Embracing tokenization: Payment without pain

Today, it’s expected that merchants accept electronic payments. It’s more than expected that those payments are secure. No data leaks or breaches of any kind. The reality is many companies don’t truly understand the security vulnerabilities that electronic payments present, nor the solutions on the market. They may think they are secure, but in fact are at great risk.

The Payment Card Industry Security Standards Council (PCI SSC) has tightened compliance requirements, initially with their Data Security Standards (PCI DSS). Ever tightening, the compliance rules will become more stringent again in 2010. As a response, the industry has been flooded with solutions claiming to provide heightened security for a merchant’s data. Undoubtedly, and often blindly, merchants invest in these offerings. In most cases out of fear, uncertainty and doubt. What companies don’t get is that most of these solutions are not bullet-proof.

Since companies think they are compliant and are indeed not they are at risk for a breach or an audit resulting in hefty fines that could bring them to their knees. Unfortunately, most find out the hard way. What can help? In my view, tokenization is the answer. A solid tokenization solution can take companies into a safe harbor and remove all navigational stress from its shoulders.

According to the recent Gartner Group report, “Using Tokenization to Reduce PCI compliance Requirements,” “enterprises that have successfully implemented tokenization… have reduced the scope of costly PCI compliance audits while keeping sensitive cardholder data more contained and secure.”

So what is tokenization, really? The bottom line is that tokenization is a technology that leapfrogs the better-known, traditional encryption. Sensitive data is removed from enterprise systems and, as an added bonus, the technology is complimentary to legacy enterprise systems.

Drilling down, tokenization affords companies the opportunity to eliminate the storage of sensitive information. This cutting-edge technology works by intercepting cardholder data entered into an enterprise payment acceptance system like a Web store, CRM, ERP or POS, and replacing it with a surrogate number known as a “token”, a unique ID created to replace the actual data associated with a specific card number. Put more simply, tokenization is different from any other security solution dealing with PCI issues because it’s “waterproof” vs. “water resistant” (encryption).

Tokenization offers the following two key benefits:
1. Software as a Service (SaaS) model ensures no customer card data resides within company systems
2. Cost effectiveness and savings

1. Benefits of SaaS: Get it out of my house
With a tokenization solution outsourced via a SaaS model and a reputable vendor, cardholder data never resides in the merchant’s environment. The premise and theory behind encryption remains true – protect sensitive data with complex encryption algorithms wherever sensitive data is stored. Tokenization takes the same principle to a new level: protect sensitive cardholder data by removing it from merchant systems entirely. Quite simply, merchants do not need to encrypt what they do not store. Let someone else shoulder the information.
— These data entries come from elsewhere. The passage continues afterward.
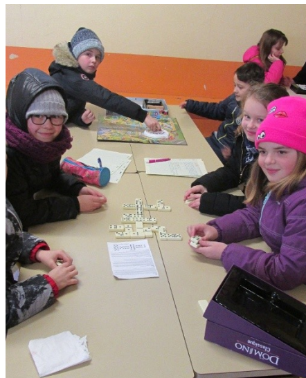
Les jeux de société dans le préau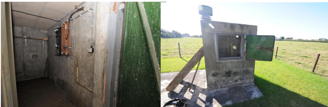
Interieur en toegang bunker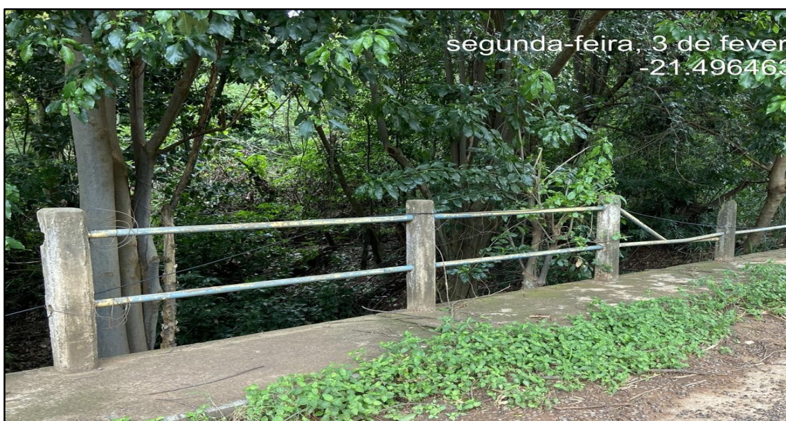
Imagem 4: Estado Atual, em 03 de Fevereiro de 2025.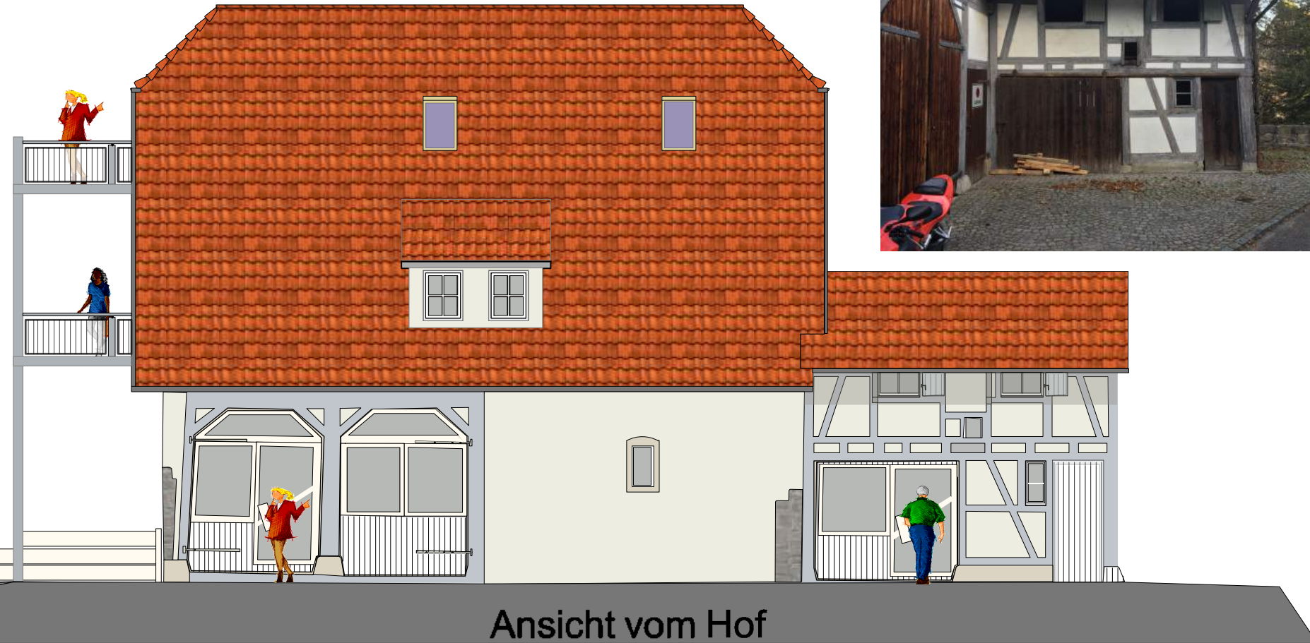
Ansicht vom Hof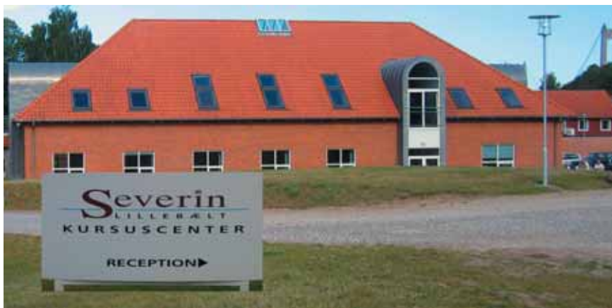
Det var her det skete.

Det var ikke en kendt jysk kludekræmmer, men derimod P/S konsulenten, der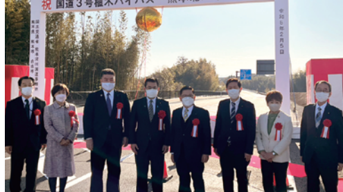
植木・花園方面の時間短縮に期待。

By eliminating the storage of sensitive cardholder data through a SaaS tokenization solution, merchants can realize a multitude of financial, operational and security advantages over traditional enterprise encryption solutions. A tokenization solution requires minimal upfront capital expenditure, if any. And it saves on the back-end, too, by preventing costly breaches. If thieves know you don’t have any valuable data they have no reason to break into your systems. And, let’s pretend the worse happens and someone figures out someday how to hack a token – the breach would be extremely limited. If an attacker somehow bypasses both the token and encryption, they will have access to only one card number.

2. Cost savings
According to Gartner Group, a company with 100,000 customer accounts spends $6 per account to roll out encryption appliances. A separate encryption solution is required for each place where credit card data is stored. In a large enterprise there can easily be 10 or 20 systems. Do the math – that could add up fast.
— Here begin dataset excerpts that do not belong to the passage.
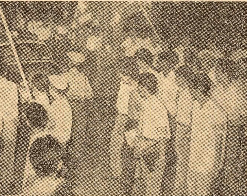
Muncitorii japonezi din prefectura Kanagawa au organizat în orașul Yokohama un miting de protest împotriva amplasării de rachete americane de tip Nike Ajax pe pământurile japoneze. În fotografie: Aspect din timpul mitingului. Pe pancartele participanților este scris: „Nu vom tolera niciodată rachete americane în Japonia”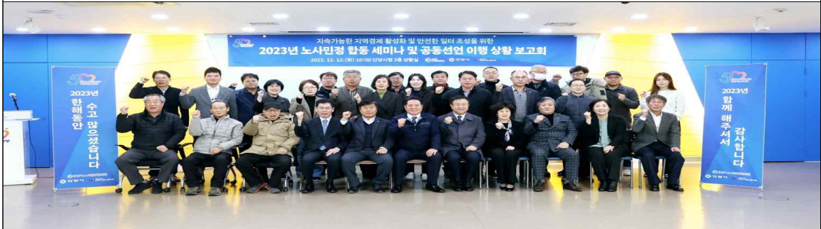
2023년 노사민정 합동 세미나 및 공동선언 이행상황 보고회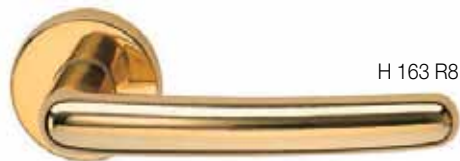
H 163 R8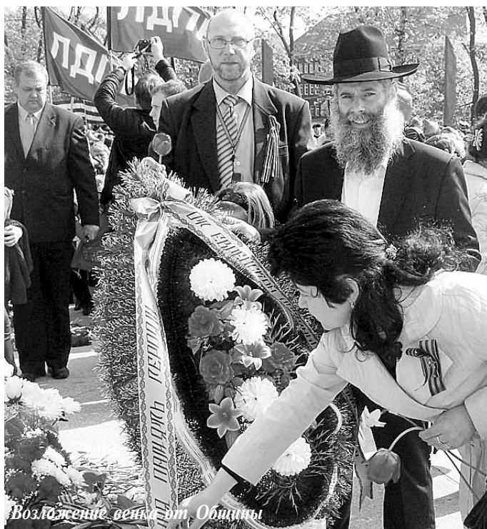
Возложение венка в Общине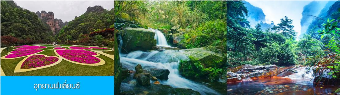
อุทยานฟงเลี่ยนซี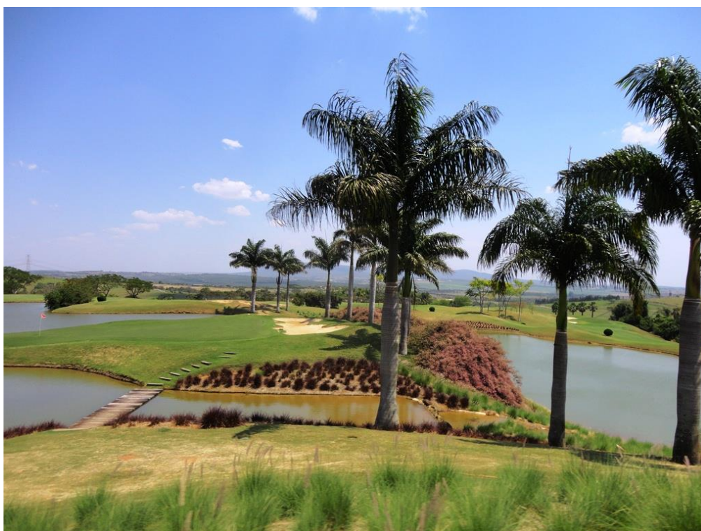
Figura 3 – Campo de Golf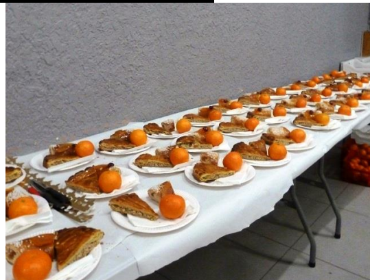
La table gourmande

90 inscrits 80 présents 77 participants pour 8 quines et 5 cartons pleins récompensés par : - des paniers de spécialités alimentaires et des colis de Noël (offerts par l'ANR) -1 Bon d'achat de 120 € -1 sortie pour 2 personnes aux Oursinades de Carry le Rouet (offert par les Transports ARNAUD).

In contrast, by transferring all card holder data out of your systems, a company eliminates capital expenditures. It’s a simple premise: the less data there is onsite the less it costs to keep it secure. This will also reduce the complexity of a company’s PCI audit. Because the merchant no longer stores cardholder data, they will be removed from the scope of PCI Requirement 3, reducing the number of questions needed to answer on the audit. All in all, tokenization greatly reduces risk of breach, operational expenses and bad PR – all of which ultimately saves money.

Finding the shoe that fits: Tokenization solution
In conclusion, if a company carries confidential cardholder data, we strongly recommend getting it out of the system and onto a reputable vendor’s. To choose a vendor, make sure they have expertise and execution experience. Tokenization vendors must be thoroughly vetted, since they will become mission critical business partners. There is no doubt there is a solution for every company. But you must pick the right partner that can fulfill all the company’s requirements while understanding its level of size and complexity. Tokenization is the answer to security, cost savings and general peace of mind, just be sure to ask the right questions.